I knew that if I wanted to understand the complexity and nuances of African American and Latino relations, I would need to take immigrant racial attitudes—and their origins—seriously. I enrolled in courses on race, ethnicity, and immigration and delved into sociological literature on race relations to better understand what I was seeing on the ground in South L.A. The traditional frameworks and theories I came across, such as racial threat theory, which centers Black-White relations, did not apply to immigrant attitudes toward groups who also experience racial marginalization. As I thought about the ways that Mexican immigrants learn about the U.S. racial stratification system, I realized that I needed to first go back to the roots of their racial thinking: Mexico. That was when this book was born.
Racial attitudes are messy, especially when they involve people of color who carry the weight of European colonialism and U.S. imperialism. More often than not, our views and opinions about different racial and ethnic groups run the spectrum from favorable to unfavorable and everything in between. Our racial perceptions can change over time and can be contradictory. As the daughter of Mexican immigrants, I was attuned to the anti-Black narratives that run rampant in our communities. I observed how much family members and others in my immigrant community coveted light skin and eyes. The ideology of blanqueamiento (Whitening) is embedded deep in our psyches. My own mother, who has beautiful dark skin, full lips, and thick wavy hair, would warn me to stay out of the sun lest I turn “negra.” Even as a kid, I thought that these warnings didn’t sit well. When I made my way from predominantly Brown South Gate to predominantly White Smith College, my resistance against Whiteness was amplified: I deliberately got as much sun as possible, to see just how dark my skin could get. (I get pretty dark, it turns out!).

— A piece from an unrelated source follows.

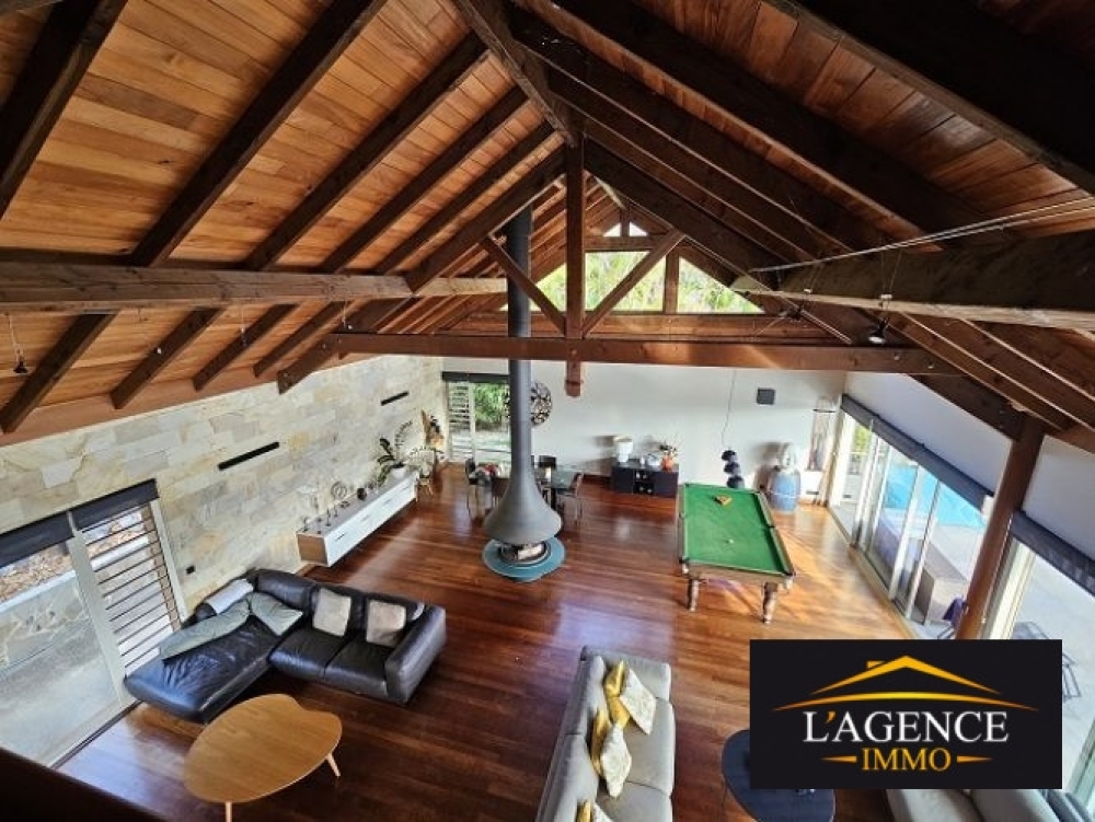 Rez-de-chaussée :Un vaste séjour cathédrale avec charpente apparente et cheminée suspendue, une cuisine moderne entièrement équipée avec îlot central, une buanderie, un bureau, une suite parentale climatisée avec terrasse, dressing et salle de bains complète, ainsi qu'un WC indépendant.

When I started this research a decade ago, I was specifically interested in Mexican immigrants’ racial perceptions of African Americans. As I engaged more deeply with this book project, it became clear that I could not disentangle Mexicans’ constructions of Blackness from hegemonic ideologies of Whiteness, mestizaje, Indigeneity, and race more broadly. Nor could I treat racial formation in the Mexican context as analytically distinct from racial formations in the U.S. To this end, I drew great insight from the conceptual and empirical work of scholars who pioneered comparative social science research on race across the Americas—Jorge Duany, Jose Itzigsohn, and Anani Dzidzienyo; and including my own mentors, Ginetta Candelario, Edward E. Telles, and the late Mark Q. Sawyer, among others—who shaped my own theorization of Mexican transnational experiences of race. In the end, I learned that the immigration experience itself transforms how migrants come to see race, identity, and their group position within overlapping and evolving U.S. and Mexican racial hierarchies. This is the personal, political, and intellectual point of departure from which my book Racial Baggage begins.